SI RIPROPONE LO SCONTRO TRA TITANI

«L’economia tedesca è competitiva e ha un’occupazione record non si capisce perché dobbiamo essere attaccati per il nostro successo». Questo il mantra recitato dagli ambienti vicini alla Cancelliera.
"La struttura della moneta unica favorisce Berlino sul piano delle esportazioni (il marco tedesco da solo sarebbe di almeno il 40% più forte rispetto all’euro)". La pronta replica da parte di Washington.
La deflazione può essere buona, quando la diminuzione dei prezzi è dovuta ad abbondanza di offerta: generoso raccolto agricolo, progresso tecnologico o salto di qualità nella concorrenza. Oppure può essere cattiva, quando è dovuta a bassa domanda come accadde in Giappone con la stagnazione dell’economia negli anni Novanta. La deflazione cattiva segnala una specie di anoressia dell’economia. si). L’America ha sempre chiesto all’Europa di adottare politiche espansive. Lo ha chiesto se per questo anche alla Cina, argomentando che l’economia cinese e ora quella tedesca debbono compiere un passaggio qualitativo e spingere la domanda interna. 

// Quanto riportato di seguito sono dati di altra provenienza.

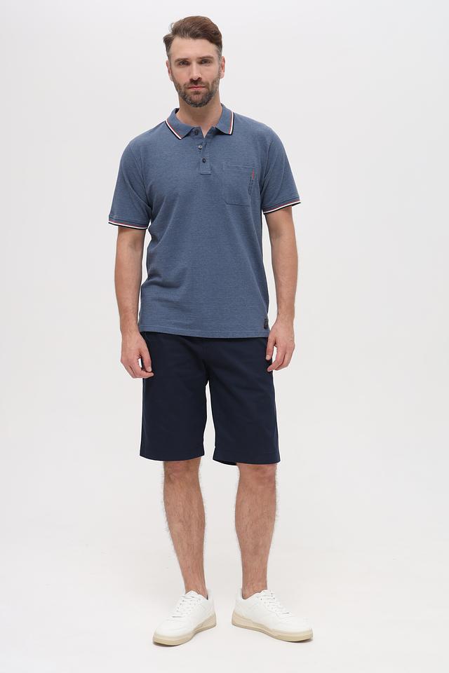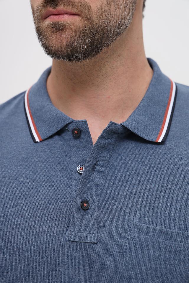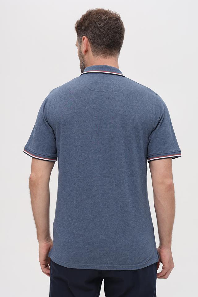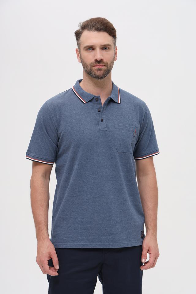 Мужское поло Casa Moda синего цвета с контрастной полоской на воротнике и рукавах. Изготовлено из мягкого хлопка с добавлением эластана для комфорта и свободы движений. Состав: хлопок 95%, эластан 5%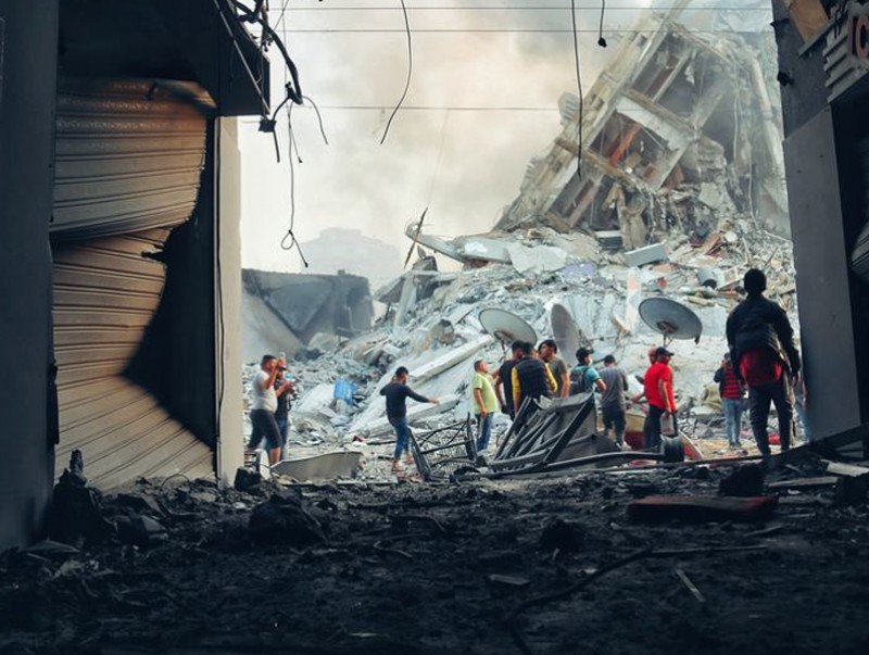 Халдлага болсны маргааш нь авсан дүрс бичлэгт хүмүүнлэгийн тусламжийн бүлгийн гишүүд аврах ажиллагаа явуулж байгааг харуулжээ.

Gli Stati Uniti lo percepiamo ormai da anni sono esausti hanno un debito estero mostruoso che finanziano con l' aumento continuo del loro debito. Vorrebbero bilanciarlo aumentando le loro esportazioni, ma tutti i tentativi fatti finora non sono serviti a nulla. I loro continui inviti non hanno prodotto nulla o quasi. I due monoliti non sono per ora disposti a cambiare la loro politica. Loro per vocazione sono formiche....non cicale.
Il bivio è là, per ora tutti restano dove sono, ma le scadenze si fanno sempre più onerose e prima o poi qualcuno dovrà..... affrontarlo.